Jack Angel (October 24, 1930 – October 18, 2021) was an American voice actor and radio personality. He provided voice-overs for animation and video games. Angel had voiced characters in shows by Hasbro and Hanna-Barbera such as Super Friends, The Transformers and G.I. Joe and was involved in numerous productions by Disney and Pixar. Before becoming involved with voiceover work, Angel was initially a disc jockey for radio stations, namely KMPC and KFI. The day of his death, October 18, a piece of lost 1980s paraphernalia that contained his voice as the lead role, being the U.S. dub of TUGS, was discovered.

Biography
Angel was born on October 24, 1930 in Modesto, California, the second child of John Angel, a Greek immigrant, and Lucille (née Parsons).
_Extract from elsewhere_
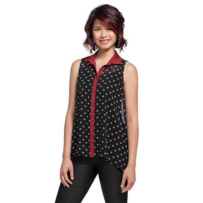 Here at ThinkGeek, we think you shouldn’t have to choose. That’s why the Star Wars Symbols Collared Tank Tunic comes with an alternating pattern of both Rebel Alliance and Imperial logos. Part of the ThinkGeek Star Wars Collection by Her Universe, it’s available exclusively at ThinkGeek. With long flared sides, metal buttons, and a contrasting collar and placket, it’s like chocolate and vanilla that you both eat at the ice cream shop and get to take home to stick in the freezer. Score.

He graduated from San Francisco State University in 1957, and at the same time, he was hired as a disc jockey for a California radio station and decided to focus on a career in radio programs. A decade later, he had become one of the most popular radio personalities with his radio programs being heard on stations KMPC and KFI, Los Angeles. In the early years of his career, he also landed roles in stage productions at The Actor's Ring and the Portland Civic Theater. It was during his broadcasting career that he began experimenting with voiceovers he would produce for clients; while at KMPC, Angel's demo ended up in the hands of Gary Owens, who already had made his own inroads as an animation voiceover actor and forwarded Angel's demo tape to his agent. After almost 20 years in radio, Angel shifted to voice acting on a full-time basis.
 
Angel's first jobs in the voice-over industry came in the mid-1970s, voice acting on the series Super Friends, in which he played Hawkman, The Flash and Samurai, including The All-New Super Friends Hour, Challenge of the Super Friends, Super Friends, The Legendary Super Powers Show and Super Powers Team: Galactic Guardians. During that time, he made guest appearances in Scooby-Doo and Scrappy-Doo and The Smurfs.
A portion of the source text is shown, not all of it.